PAT HEALY: This week Pat looks ahead to an exciting clash at The Curragh on Saturday and shares his thoughts on the new whip rules.


First things first, if you haven’t been to Killarney, put it on your bucket list. We’re in the middle of a good weather spell over here at the moment and when there is that kind of weather there’s nowhere better to be racing than Killarney, in County Kerry. The mountains wrap themselves around the racecourse and it’s just a spectacle that needs to be seen to be really appreciated. There’s a big tourist industry in Killarney anyway and with over 50 hotels it’s a great place to go racing. Everybody enjoys themselves, it’s an easy-going atmosphere, and the racegoers have been rewarded this week with the weather.
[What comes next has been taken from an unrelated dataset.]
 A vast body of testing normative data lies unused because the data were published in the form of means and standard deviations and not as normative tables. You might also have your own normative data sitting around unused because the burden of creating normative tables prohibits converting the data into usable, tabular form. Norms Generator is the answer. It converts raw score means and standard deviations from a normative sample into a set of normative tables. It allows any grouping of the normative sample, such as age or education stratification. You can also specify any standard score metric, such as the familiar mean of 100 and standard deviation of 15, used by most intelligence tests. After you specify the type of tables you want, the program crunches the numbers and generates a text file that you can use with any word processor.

The circus continues on to the Curragh this weekend and the Irish Oaks on Saturday, where it looks like Jessie Harrington will provide the strongest opposition to Emily Upjohn with her Royal Ascot winner Magical Lagoon. Hopefully it will be a brilliant race and I’m looking forward to seeing if John and Thady Gosden’s filly can make amends for her agonising defeat at Epsom.

Whip rules      

Everybody has got their opinion on this and it’s going to take time to get used to it. It won’t come instinctively to jockeys and there will be people that fall short of the new rules for that reason. I think, like a lot of things in racing, the issue around the whip has been blown out of proportion, and as the old saying goes – if it ain’t broke don’t fix it. Having ridden one or two horses in my time, I couldn’t imagine being on a horse without a whip. The standard of jockeyship these days is as high as it’s ever been. I go racing 240 days a year, and I have never seen a jockey abuse a horse with the whip. Those days are well and truly gone and I think maybe racing is just creating negativity and drawing attention to itself when it doesn’t need to.
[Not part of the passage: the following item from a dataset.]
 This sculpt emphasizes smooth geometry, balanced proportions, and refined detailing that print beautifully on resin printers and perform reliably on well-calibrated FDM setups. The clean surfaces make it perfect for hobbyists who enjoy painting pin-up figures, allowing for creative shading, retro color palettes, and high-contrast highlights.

GAA Football All-Ireland Senior Championship

I mentioned Kerry and Dublin’s semi-final last week and what a fantastic match it was. Kerry came out on top and now make their way to the final on Sunday 24 June. The bookmakers had the handicap exactly right at a single point and that was Kerry’s winning margin. As a Kerry person watching it and being there it, was just a rollercoaster of emotion as these matches always are, but after 13 years we finally got Dublin off our back by beating them at Croke Park. We weren’t short on drama when Sean O’Shea kicked the last second free over the bar from 55-metres out in front of Hill 16 and a sea of Dublin supporters. The mental strength that must have taken can only be applauded.

The journey back to Listowel Sunday night was very short as we were in great spirits, but now it’s all eyes on Galway in the final which will by no means be a walkover. These sets of players will know each other very well from college and the Sigerson competition. Hopefully Kerry can claim their 38th All-Ireland title and we wish them luck!